***** Data for processing *****
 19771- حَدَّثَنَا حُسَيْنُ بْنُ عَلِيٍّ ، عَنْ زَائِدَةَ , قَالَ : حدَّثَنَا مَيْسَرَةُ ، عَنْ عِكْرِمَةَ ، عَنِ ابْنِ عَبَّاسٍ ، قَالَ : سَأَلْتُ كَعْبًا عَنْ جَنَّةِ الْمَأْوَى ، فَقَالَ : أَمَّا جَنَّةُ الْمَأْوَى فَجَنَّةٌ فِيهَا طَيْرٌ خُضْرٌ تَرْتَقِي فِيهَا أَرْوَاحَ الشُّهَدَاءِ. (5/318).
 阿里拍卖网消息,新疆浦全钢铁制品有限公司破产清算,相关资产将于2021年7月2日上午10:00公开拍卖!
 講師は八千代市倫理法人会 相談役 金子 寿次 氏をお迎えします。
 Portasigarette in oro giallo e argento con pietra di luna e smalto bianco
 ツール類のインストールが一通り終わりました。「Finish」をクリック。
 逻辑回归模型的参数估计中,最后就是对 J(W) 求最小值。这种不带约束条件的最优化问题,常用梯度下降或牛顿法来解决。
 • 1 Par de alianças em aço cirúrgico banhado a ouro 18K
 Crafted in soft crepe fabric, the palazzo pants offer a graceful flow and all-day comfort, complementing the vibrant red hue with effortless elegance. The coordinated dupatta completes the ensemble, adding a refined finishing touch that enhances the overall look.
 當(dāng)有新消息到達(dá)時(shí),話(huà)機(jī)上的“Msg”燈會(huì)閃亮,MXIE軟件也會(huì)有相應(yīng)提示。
*****
Make a verbatim copy of every entry shown above.

 19771- حَدَّثَنَا حُسَيْنُ بْنُ عَلِيٍّ ، عَنْ زَائِدَةَ , قَالَ : حدَّثَنَا مَيْسَرَةُ ، عَنْ عِكْرِمَةَ ، عَنِ ابْنِ عَبَّاسٍ ، قَالَ : سَأَلْتُ كَعْبًا عَنْ جَنَّةِ الْمَأْوَى ، فَقَالَ : أَمَّا جَنَّةُ الْمَأْوَى فَجَنَّةٌ فِيهَا طَيْرٌ خُضْرٌ تَرْتَقِي فِيهَا أَرْوَاحَ الشُّهَدَاءِ. (5/318).
 阿里拍卖网消息,新疆浦全钢铁制品有限公司破产清算,相关资产将于2021年7月2日上午10:00公开拍卖!
 講師は八千代市倫理法人会 相談役 金子 寿次 氏をお迎えします。
 Portasigarette in oro giallo e argento con pietra di luna e smalto bianco
 ツール類のインストールが一通り終わりました。「Finish」をクリック。
 逻辑回归模型的参数估计中,最后就是对 J(W) 求最小值。这种不带约束条件的最优化问题,常用梯度下降或牛顿法来解决。
 • 1 Par de alianças em aço cirúrgico banhado a ouro 18K
 Crafted in soft crepe fabric, the palazzo pants offer a graceful flow and all-day comfort, complementing the vibrant red hue with effortless elegance. The coordinated dupatta completes the ensemble, adding a refined finishing touch that enhances the overall look.
 當(dāng)有新消息到達(dá)時(shí),話(huà)機(jī)上的“Msg”燈會(huì)閃亮,MXIE軟件也會(huì)有相應(yīng)提示。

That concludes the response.